Even when the writers cheat or get lazy, though, the series is never less than amusing, and in fact, the writers deserve credit for continuing to whip up entertaining iterations on the Monk formula (what happens when Monk gets sick? what if Monk had amnesia? what happens when Monk drinks?), while also winking at formula by devising creative variations on Monk's crime-solving "summations" ("Here's what happened..."). The cast has certainly hit its stride. Levine and Gray-Stanford are consistently amusing in their awkward interactions (the writers have obviously learned to relish this pairing), and despite the daunting task of filling Schram's position, Howard has proven to be a fine foil for the ever-inventive Shalhoub.
Excellent anamorphically enhanced transfers and a serviceable Dolby Digital 2.0 soundtrack comprise a fine presentation for all sixteen episodes of Monk's fourth season: "Mr. Monk and the Other Detective," "Mr. Monk Goes Home Again," "Mr. Monk Stays in Bed," "Mr. Monk Goes to the Office," "Mr. Monk Gets Drunk," "Mr. Monk and Mrs. Monk," "Mr. Monk Goes to a Wedding," "Mr. Monk and Little Monk," "Mr. Monk and the Secret Santa," "Mr. Monk Goes to a Fashion Show," "Mr. Monk Bumps His Head," "Mr. Monk and the Captain's Marriage," "Mr. Monk and the Big Reward," "Mr. Monk and the Astronaut," "Mr. Monk Goes to the Dentist," and "Mr. Monk Gets Jury Duty."

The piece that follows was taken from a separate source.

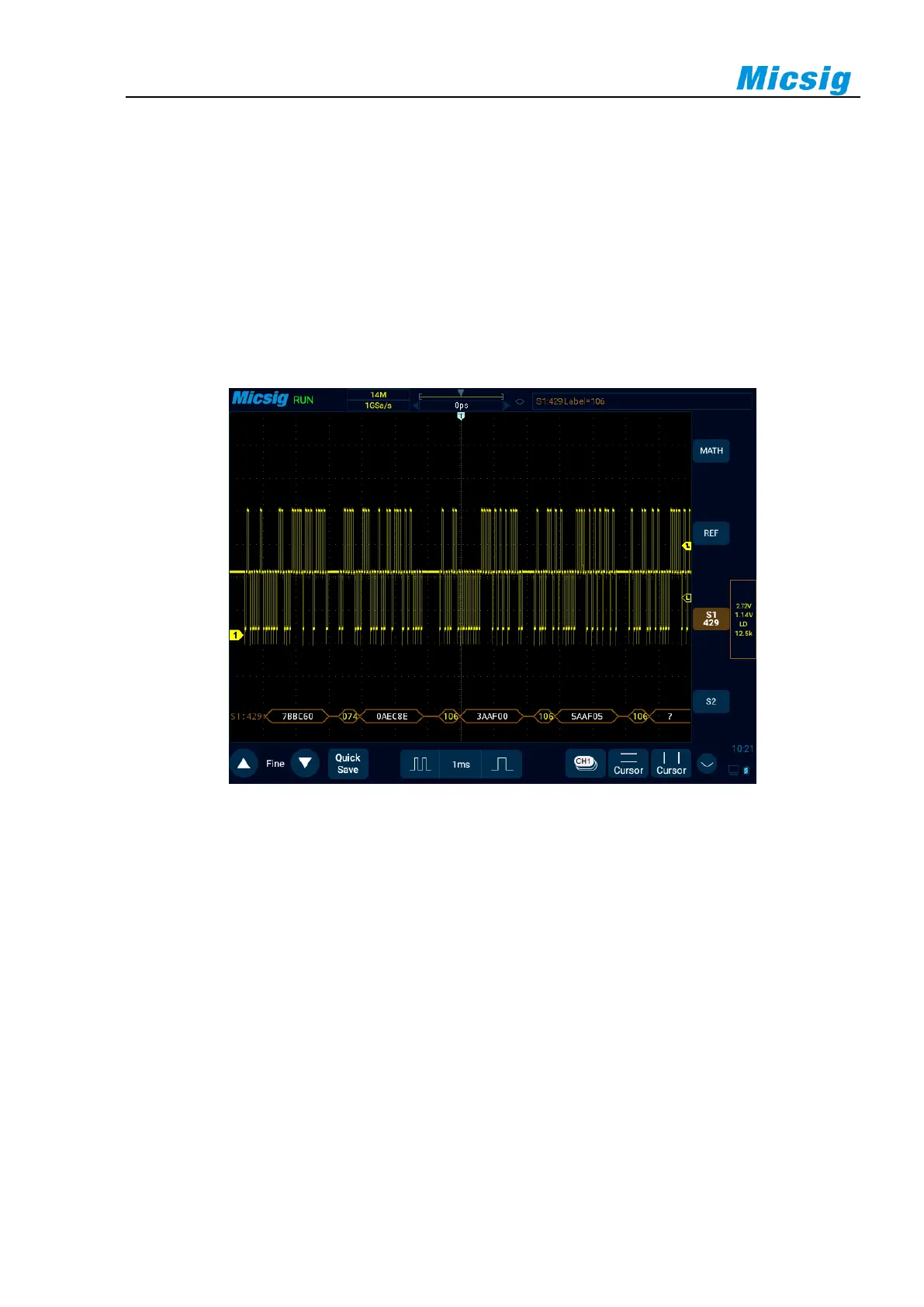 Select bus type “429”, source as “CH1”, decode format as “Label+Data”, display in “hexadecimal”,
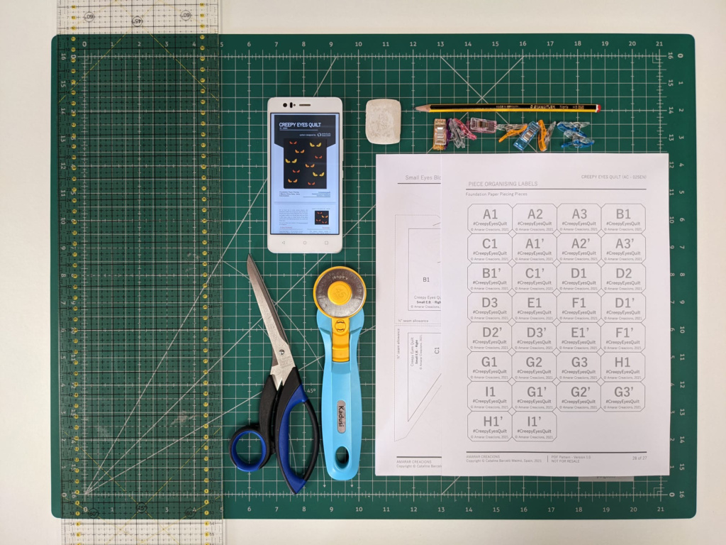 El primer que necessites per fer el teu projecte Creepy Eyes és el patró. Per celebrar el llançament d’aquest patró, tots els meus patrons tenen un 15% de descompte fins el 10 d’octubre, però com que vull ajudar-te a participar en aquest Quilt-Along, he estès el 15% de descompte del patró Creepy Eyes fins a la finalització del QAL. Per tant, pots obtenir el patró Creepy Eyes Quilt amb el descompte durant el QAL i unir-se a nosaltres en qualsevol moment.

Disc one includes previews for Miami Vice, The Office, Dave Chappelle's Block Party, and Psych, but disc four houses the extras, a customary pair of short featurettes. "The Monk Writing Process" (14:28) is undoubtedly the best bonus feature yet included on a Monk season set, offering tantalizing glimpses into the writer's room as Breckman and his staff "break" the story "Mr. Monk and the Big Reward" (Tony Shalhoub and Traylor Howard also appear on camera to talk about the writing).
"Jon Perkins Behind the Scenes?" (3:35) introduces the detective consultant who coaches the writers and actors in police procedure; unfortunately, we don't get to see him at work in this short piece (Shalhoub, Levine, and Gray-Stanford also provide brief comments). In a consumer friendly move, the set's four discs are housed in slimline cases; note, however, that the packaging has two errors, switching the order of the last two episodes and promising a featurette called "What Does It Take To Be a Writer for Monk?" rather than "Jon Perkins Behind the Scenes?".